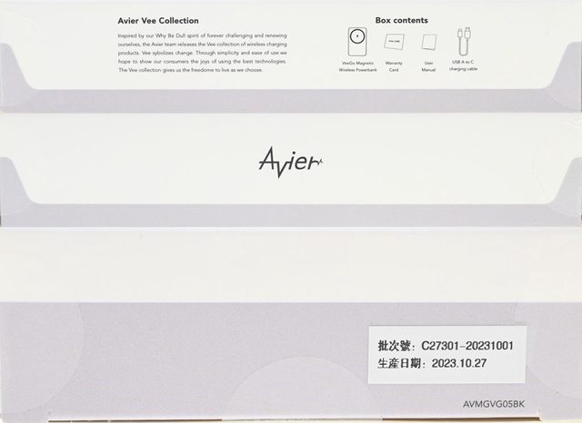 ▼外盒左側面有Avier Vee系列簡介及包裝內容,外盒右側面有商標,外盒下側面有批次/
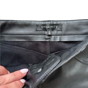 Chic and modern faux leather pants. Perfect for a night out or casual day. Sleek and stylish design.
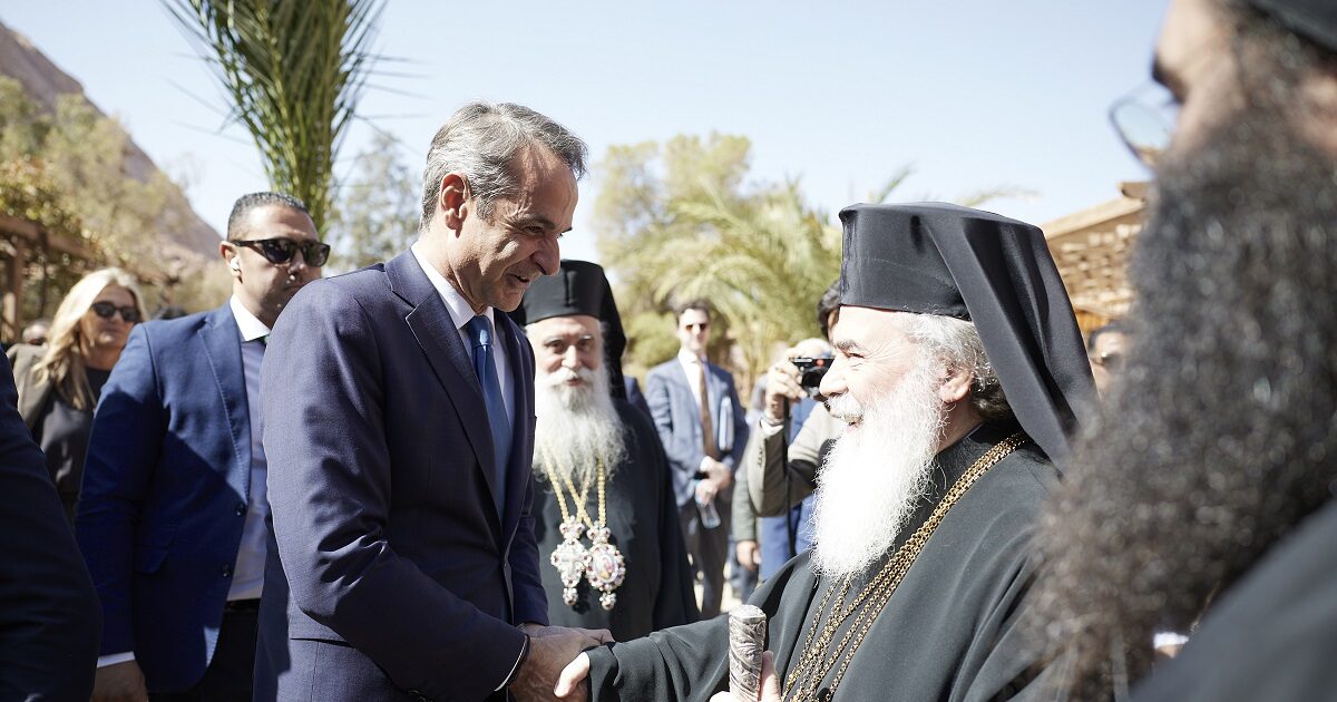«Η Ελλάδα παρούσα και αρωγός σας, στεκόμαστε πάντα δίπλα σας για να διαφυλάξουμε στην αιωνιότητα το ιδιαίτερο και ξεχωριστό καθεστώς που μας κληροδοτήθηκε από τους προγόνους μας» είπε μεταξύ άλλων ο Κυριάκος Μητσοτάκης, στην τελετή ενθρόνισης του νέου Αρχιεπισκόπου Σινά, Φαράν και Ραϊθώ και Ηγουμένου της Ιεράς Μονής Αγίας Αικατερίνης Όρους Σινά, κ. Συμεών.
○ ○ ○ ○
Extract every line of the data exactly; pictures stay out.

- _YOUR SOLUTION_
 ▼外盒左側面有Avier Vee系列簡介及包裝內容,外盒右側面有商標,外盒下側面有批次/
 Chic and modern faux leather pants. Perfect for a night out or casual day. Sleek and stylish design.
«Η Ελλάδα παρούσα και αρωγός σας, στεκόμαστε πάντα δίπλα σας για να διαφυλάξουμε στην αιωνιότητα το ιδιαίτερο και ξεχωριστό καθεστώς που μας κληροδοτήθηκε από τους προγόνους μας» είπε μεταξύ άλλων ο Κυριάκος Μητσοτάκης, στην τελετή ενθρόνισης του νέου Αρχιεπισκόπου Σινά, Φαράν και Ραϊθώ και Ηγουμένου της Ιεράς Μονής Αγίας Αικατερίνης Όρους Σινά, κ. Συμεών.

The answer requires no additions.